* [What you will do]
Please transcribe exactly, and only, the lines of the data below between the line holding "Estes convites florais" and the line holding "广西建院11月1日讯(党委学", inclusive.

#### Provided records ####

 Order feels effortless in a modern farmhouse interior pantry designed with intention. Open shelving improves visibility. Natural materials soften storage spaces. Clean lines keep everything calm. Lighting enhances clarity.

####
#### Provided records ####

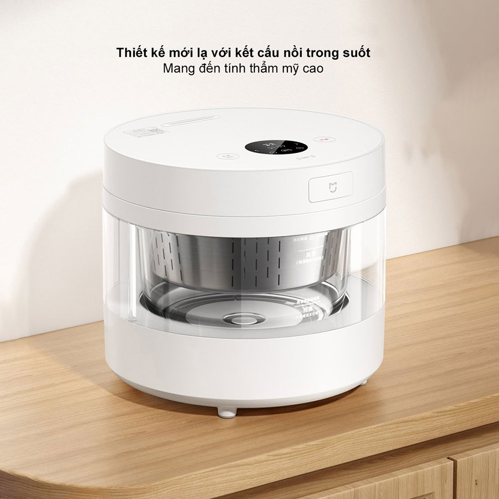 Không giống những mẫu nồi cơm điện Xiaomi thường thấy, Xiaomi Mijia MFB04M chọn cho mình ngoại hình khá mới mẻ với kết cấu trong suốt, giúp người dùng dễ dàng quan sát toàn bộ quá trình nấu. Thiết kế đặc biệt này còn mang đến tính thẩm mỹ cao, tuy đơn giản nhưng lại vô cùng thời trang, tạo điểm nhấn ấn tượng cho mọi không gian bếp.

####
#### Provided records ####

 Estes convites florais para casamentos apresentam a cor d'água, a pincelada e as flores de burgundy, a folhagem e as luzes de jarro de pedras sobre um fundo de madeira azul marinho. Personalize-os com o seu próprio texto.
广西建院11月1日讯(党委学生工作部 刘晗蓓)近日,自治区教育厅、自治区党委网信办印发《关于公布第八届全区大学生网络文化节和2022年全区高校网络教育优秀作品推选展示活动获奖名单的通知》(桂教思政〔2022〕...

####

* [The answer]
 Estes convites florais para casamentos apresentam a cor d'água, a pincelada e as flores de burgundy, a folhagem e as luzes de jarro de pedras sobre um fundo de madeira azul marinho. Personalize-os com o seu próprio texto.
广西建院11月1日讯(党委学生工作部 刘晗蓓)近日,自治区教育厅、自治区党委网信办印发《关于公布第八届全区大学生网络文化节和2022年全区高校网络教育优秀作品推选展示活动获奖名单的通知》(桂教思政〔2022〕...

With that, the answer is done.